19626 (2)- Sehl b. Huneyf der ki: Bir akarsuyun yanından geçerken içine girip yıkandım. Çıktığımda ise ateşim yükselmişti. Durumum Resulullah (Sallallahu aleyhi ve Sellem)'e söylenince: ''Ebu Sabit'e söyleyin iyileşmesi için dua edip Allah'a sığınsın'' buyurdu. "Efendim! Efsun, humma (yüksek ateş) için de geçerli midir?" dediğimde: ''Rukye, göz değmesi, akrep ısırması ve yılan sokması olmak üzere üç şey için yapılır'' buyurdu.

 

[Sahih]

 

Affan rivayetinde: ''Rukye, nazarı akrep ısırması ve yılan sokması olmak üzere üç şey için yapılır'' ibaresi geçmiştir.

 

Diğer tahric: Ebu Davud, tıb 4/11 (3888) ve Hakim (3/408) rivayet ettiler.

 

 

2. Amir b. Rabia

 

- - (-)

19627- Abdullalı b. Amir der ki: Sehl b. Huneyf ile birlikte yıkanmak için tenha bir gölet aramaya çıktık. Bulduğumuzda Sehl yıkanmak için yünden olan giysisini çıkardı. O sırada ona baktığımda göz değdim. Sehl yıkanmak için suya girdiğinde titremeye başladığını gördüm. Yanına gelip üç defa seslendim, ancak cevap vermedi. Nebi (Sallallahu aleyhi ve Sellem)'e gelip durumu bildirdiğimde Resulullah (Sallallahu aleyhi ve Sellem) gelip suya girdi. Suya girdiğinde Resulullah (Sallallahu aleyhi ve Sellem)'in bacaklarının beyazlığını şu an bile görür gibiyim.

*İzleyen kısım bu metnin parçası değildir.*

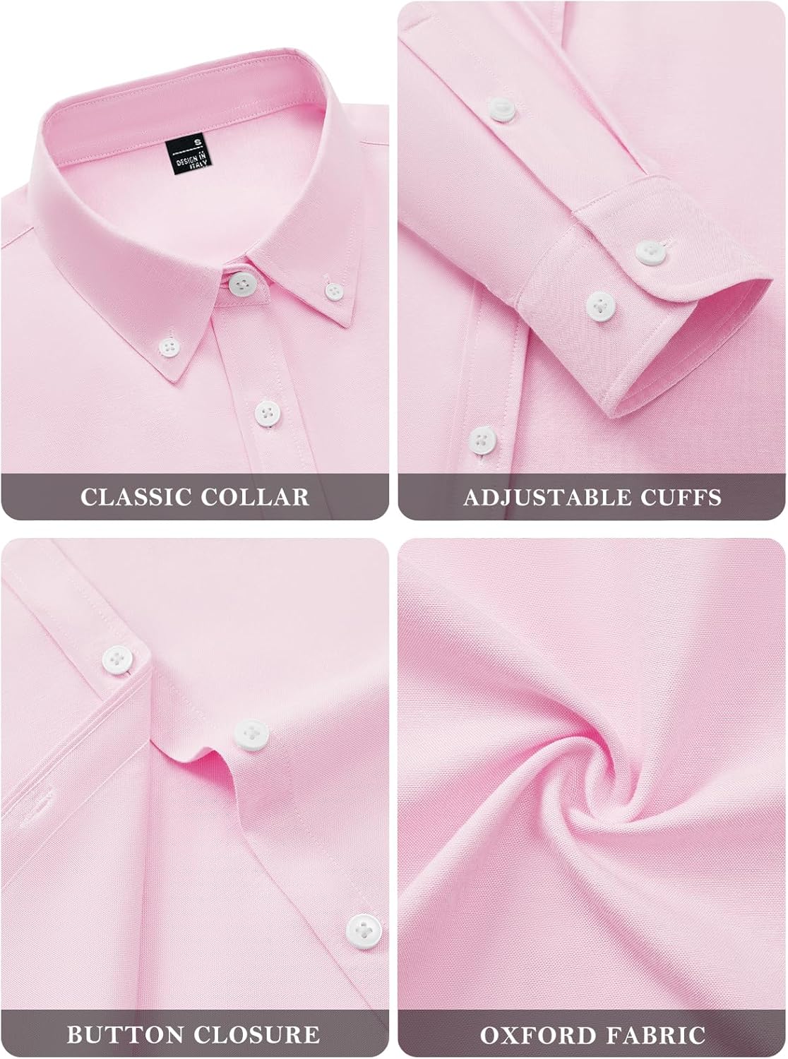 Oxford Button Down Shirts / V Neck Collared Dress Shirts / Button Up Shirts / Long Sleeve Casual Blouses / Dressy Casual Tops / Regular fit Business Shirts/ Front Button Solid Shirts/ Wrinkle Free/ No Iron Dress Shirts.
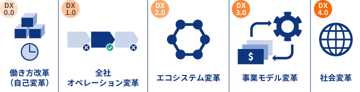 DXの推進は大きく5段階に分かれており、DX0.0は働き方改革、DX1.0は全社オペレーション変革、DX2.0はエコシステム変革、DX3.0は事業モデル変革、DX4.0は社会変革と定めています。このうち、0.0から2.0までは比較的計画しやすく、成果も見えやすいことから、既に具体的な取り組みが進んでいます。3.0や4.0は社会に大きなインパクトを与える取り組みを目指しており、半導体製造に使われるABF(層間絶縁材)や、アミノインデックス(血液中のアミノ酸バランスから、様々な疾病リスクを評価するサービス)などのスペシャリティ商品の開発や商品サービスを通じてイノベーションを実現すべく取り組んでいます。
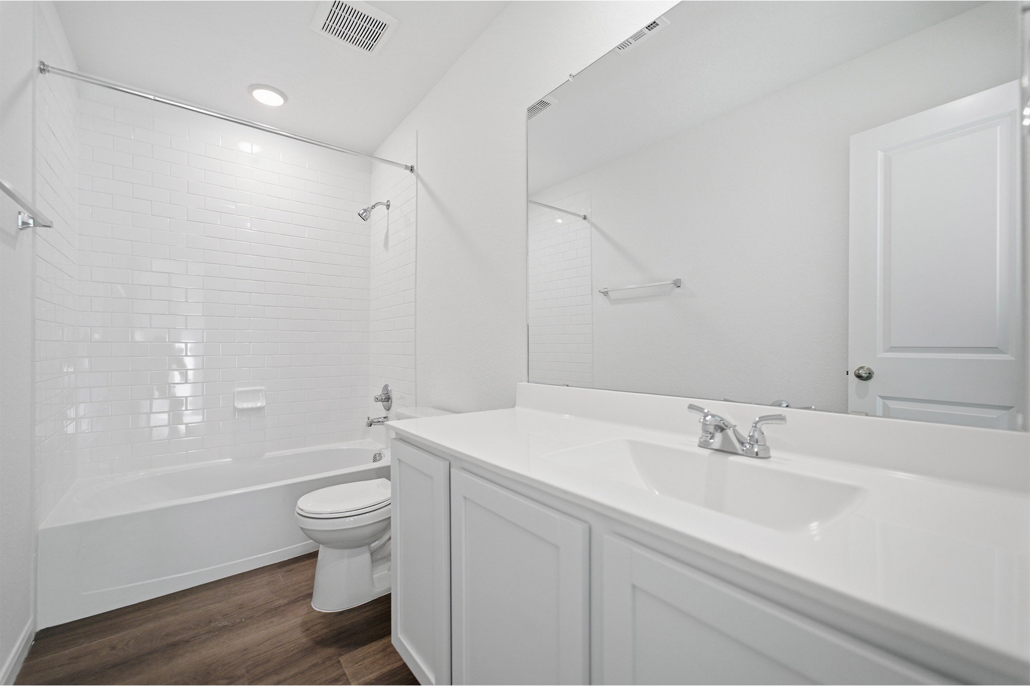 The delightful Ash floor plan is a sprawling, two-story design that is full of character. The exterior of the home is just as beautiful as the interior since the home will have a two-tone paint selection, and an exclusive landscaping package including shrubs, a caliper oak tree, and a yard that is fully sodded. Entering from your front porch, you are greeted by an elegant foyer with vinyl plank flooring that your two-car garage lies beside. Across the foyer is your convenient powder bathroom featuring a white pedestal sink and decorative mirror that flows right into your open-concept family room. The massive family room is perfect for entertaining guests and is boasting with ample amount of space. The smell of fresh cookies baking can be experienced from the family room, since the kitchen is opened up facing the living area. The expansive kitchen area is completed with granite countertops, beautiful flat-panel birch cabinets, designer light fixtures, and industry-leading appliances. You will love having the ability to install a kitchen island in the center of the kitchen, if you are needing more counter space. Speaking of more space, your oversized walk-in pantry will come in handy when you need to store all your food, spices, and dog treats. Integrating with your kitchen is your welcoming formal dining space with entry to your backyard in the corner of the room. Giving your backyard added value, you have the option of including a sizable covered patio! Adjacent to your formal dining room is the large Master Bedroom. Leading off the bedroom is your gorgeous master bathroom complete with cabinetry that matches your kitchen selections, cultured marble bath countertops, LED down lighting, and a super shower. Up the stairs, you will come across a large gameroom that is ideal for family game nights, as well as three additional bedrooms, and a secondary full bathroom. The Ash floor plan is sure to fit most any family lifestyle.

Resulullah (Sallallahu aleyhi ve Sellem) eliyle Sehl'in göğsüne vurdu ve: ''Allahım! Ateşini, soğukluğunu ve acısını ondan gider!'' diye dua etti. Sehl kendine gelip kalkınca Resulullah (Sallallahu aleyhi ve Sellem): ''Biriniz kardeşinde veya kendinde veya malında beğendiği bir şey gördüğü zaman Allah'tan bereketli olmasını dilesin. Zira göz değmesi denilen şey vardır'' buyurdu.

 

[Sahih]

 

Diğer tahric: İbn Mace 2/1160 (3509), İbnu's-Sünnı (202, 206) ve Hakim (4/215) rivayet ettiler.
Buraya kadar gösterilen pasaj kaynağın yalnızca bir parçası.